The Seal of Karga Kul_ A Dungeons & Dragons Novel - Alex Irvine [30]
Remy didn’t say anything. He wasn’t sure it was a question that required an answer. Instead of answering, he added larger sticks to the fire. It was nearly the last of the firewood they had brought from Crow Fork Market; fortunately they wouldn’t have much trouble finding it in the country ahead. Remy could see pine forests growing up the flanks of the mountains. He could smell them as well, as the rising sun burned off the fog and brought out the scents of the foothills.
“Right?” Lucan prompted.
“Right.”
“Right. And if you’re going to die, and you know you can’t prevent it, you might as well laugh at it.”
“How old are you, Lucan?” Remy asked. He heard stirring. The others were awakening, kicking at their blankets and hearing the sound of the fire as it licked up around the fresh fuel.
Lucan shrugged, moving on to the next horse. It was Remy’s, and he paid close attention to what Lucan did. Here was something else he could learn, since he didn’t figure Lucan would be around forever to do it for him. Teeth, ears, eyes, hooves … Remy watched.
“I’m not sure,” Lucan said. “I celebrate my birthday on the spring solstice.”
“Do you have some idea?”
“Seventy, eighty. No matter. I’ve got some years yet to live.”
“Famous last words,” Kithri interjected. She scuffed a spot in the coals for a comically battered metal teapot. Setting it in the ashes, she scooped dried herbs into a spoon of metal mesh and set it on the rim of the mug she was never without. She had brought a loaf of bread to the fire too, setting it on a rock to warm.
“Possibly, Kithri,” Lucan said. “Good morning to you. How old are you, since we’re interested in each other’s natal moments?”
“Forty-four,” she said. “Remy?”
“Nineteen,” he said.
“I can tell you right now you’re by far the youngest of us,” Keverel said. “I have thirty-six years and can guarantee that both Iriani and Biri-Daar are older.”
“And what that means,” Iriani said as he broke off a piece of bread, “is that you should go get water.”
Remy did, a bit annoyed but also satisfied that he was being taken into the group. He was past being grateful but not past appreciating the way Biri-Daar and the rest had brought him along and made him a part of their group.
Part of that, of course, probably had to do with the mysterious enchanted box that swung against his hip as he walked. If they had just wanted to take it, they could have killed Remy easily enough. He was no longer worried about that. He was, however, still conscious that however much they might gesture toward making him a part of the group, they were still more or less forcing him to come along. Now that he had a horse, he could have turned around and headed for Toradan, but …
He looked around, remembering. Scorpions, kobolds, the cacklefiend … they were after him, no doubt about it, which meant they were after what he had. He drew the water, filling everyone’s skins at a freshet that ran down into a narrow gully and disappeared into the valley. Returning with them strung together across his shoulders, he put a question together in his mind and asked it of the first person he saw. “Keverel,” he said. “Should I just open the box?”

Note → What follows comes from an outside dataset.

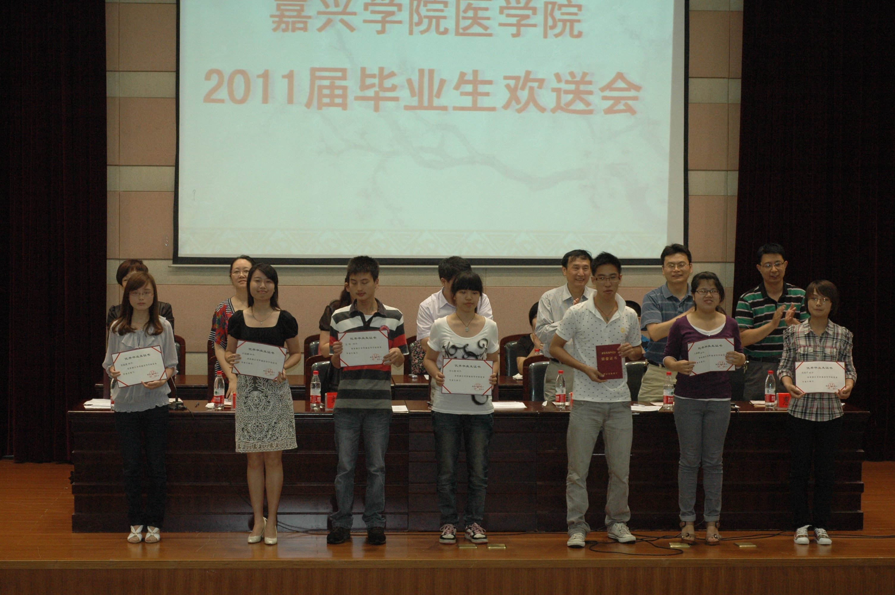 欢送会上,学院通报了“陈省身奖”获奖名单,同时表彰(省级、校级和院级)优秀毕业生、优秀实习生、2011年浙江省大学生医学竞赛获奖学生、考取研究生和公务员学生、就业先进班集体。毕业生向学院赠送了纪念品。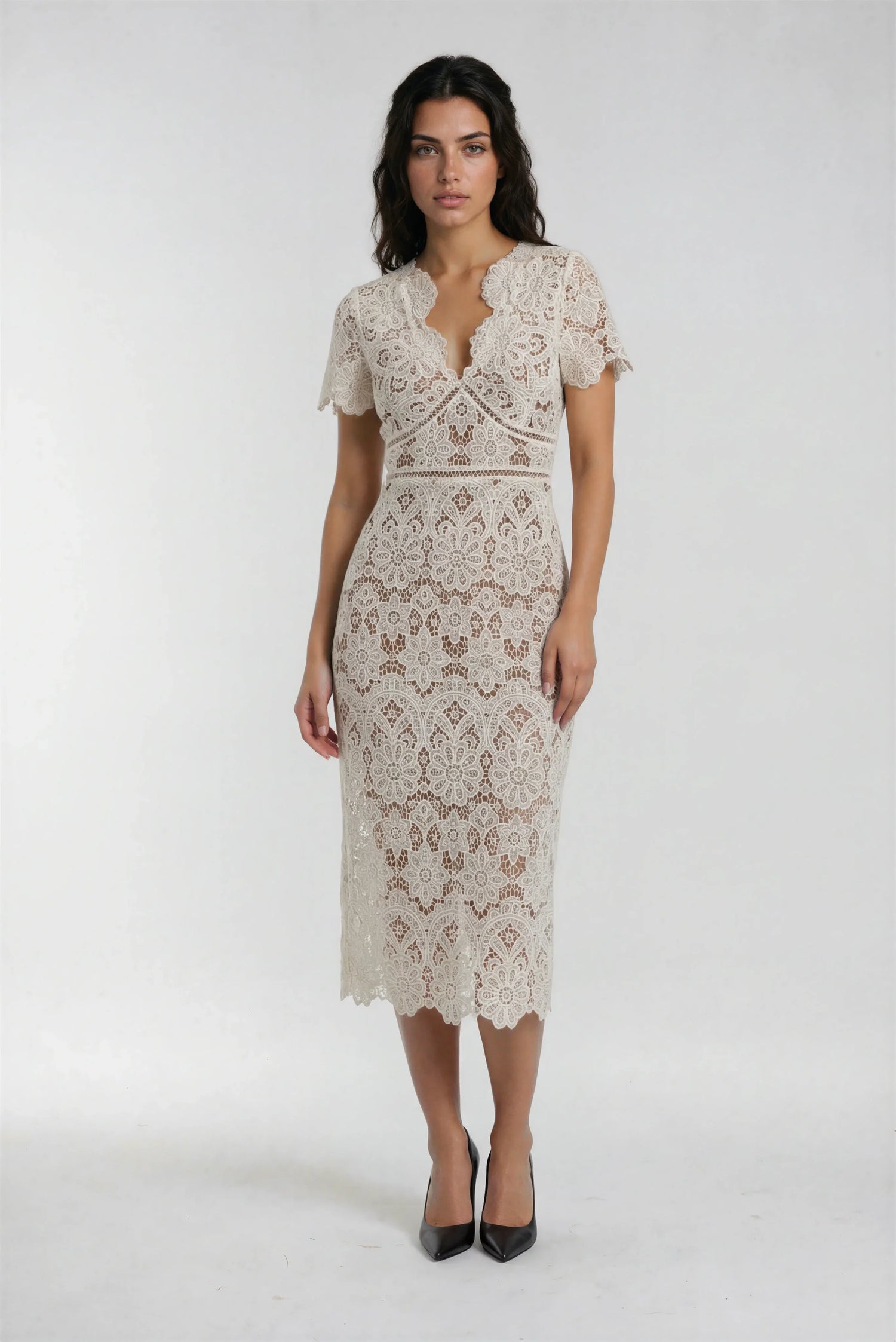 23% İndirimKrem Ortadan Fermuarlı Dantel Elbise

The cleric was just standing up after his morning prayers. “What?”
“The box I’m carrying. Why not just open it? If it’s going to draw pursuit either way, wouldn’t we be better off knowing what’s in it?” Remy took it out and tapped the latch with a fingernail. The characters carved in its lid glowed dimly and a buzzing sounded in Remy’s ears.
With both hands held out in front of him, Keverel said, “Don’t.”
“Why not?” Remy felt the latch under his thumbnail. Two of his other fingers pressed against waxen seals worked into the seam under the box’s lid.
“Remy, none of us know what will happen if you do that. You might well not survive it. Do you think Philomen put those seals on it so they would tickle you if you opened it?”
“You’ll die, boy,” another voice said, just off to Remy’s right.